Я помню только один раз, когда Лель сопротивлялся. До сих пор не могу понять почему. Ведь сколько раз я не пытался рассказать ему еле слышным шепотом о том, что он поступает неверно, – он подчинялся хозяевам. И только во время последнего выступления в Замке – сорвался. Кусался, вырывался, царапался. Бросался на хозяина Симашко, хотя до того был его любимцем. И оглядывался на меня таким отчаянным взглядом, словно извинялся за что-то. За что?

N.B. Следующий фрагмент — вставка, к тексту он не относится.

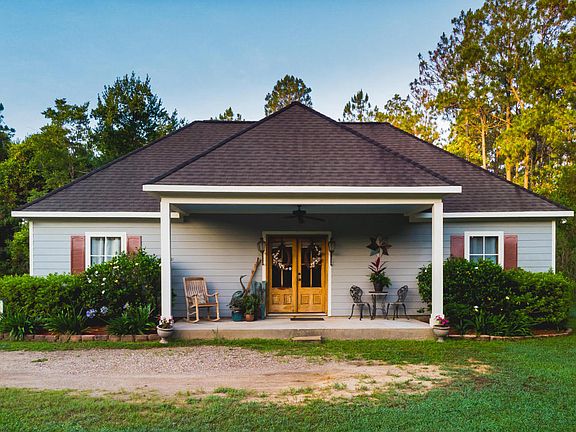 Sitting on 3.4 acres, surrounded by beautiful pine trees, you'll find this great custom home. Large custom front doors greet you as you walk in. With a very open floor plan this home is perfect for that newly wed couple or a couple looking to retire in the country, to entertain guests and create memories. The kitchen features custom cabinets and a sit down bar. The master bath features a large jacuzzi tub and a separate his and hers sink. With a walk in closet, your master room feels more like a suite. Step through the back doors, and you'll find a beautiful and quite custom porch to drink your coffee on. With a fire pit that's ready to roast s'mores, you're guaranteed to make great memories. With a large shed to fit all your outdoor equipment, this home has all the amenities that one need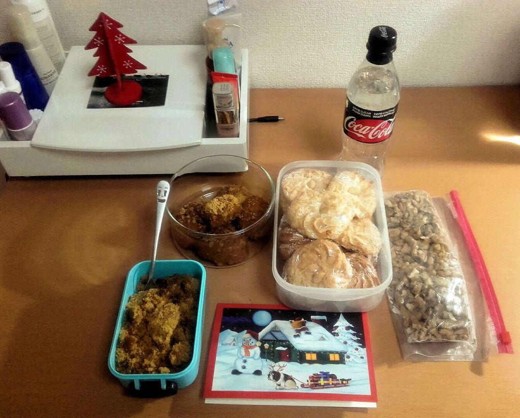 Finally, my mom’s parcel with homemade Christmas sweets arrived (late and with 5/10 surviving ‘melomakarona’). **The coca cola bottle does not contain water – ‘tsipouro’ 38%vol**

В тот момент я уже сломался окончательно. Благодаря Лелю, тому, что он просто был рядом – продержался дольше других. Я так долго ждал этого выступления! Ведь стоило его перетерпеть – и все! Тихое ничто. Без боли. Я был готов и счастлив пойти на это вместе с Лелем.

Освоить его уроки я так и не смог. Поначалу не понимал значения жеста: он поднимал руки и прикрывал уши. Что он хотел сказать? Не слушай? Не хочу тебя слышать? Закрой? Помолчи? И лишь позднее, наблюдая за очередной игрой хозяев, я увидел. Увидел, как его глаза стали еще прозрачнее. Как он погрузился в боль. Но вместо того, чтобы закричать – замолчал. И перестал реагировать на приказы. Ему пытались сделать больнее, но раз за разом понимали, что бесполезно. Он не слышал! Уходил куда-то глубоко, где боль не чувствовалась. И пытался научить этому меня. А я так и не смог. Понимал, но был слишком здесь, чтобы уйти в тишину, которую он пытался мне показать.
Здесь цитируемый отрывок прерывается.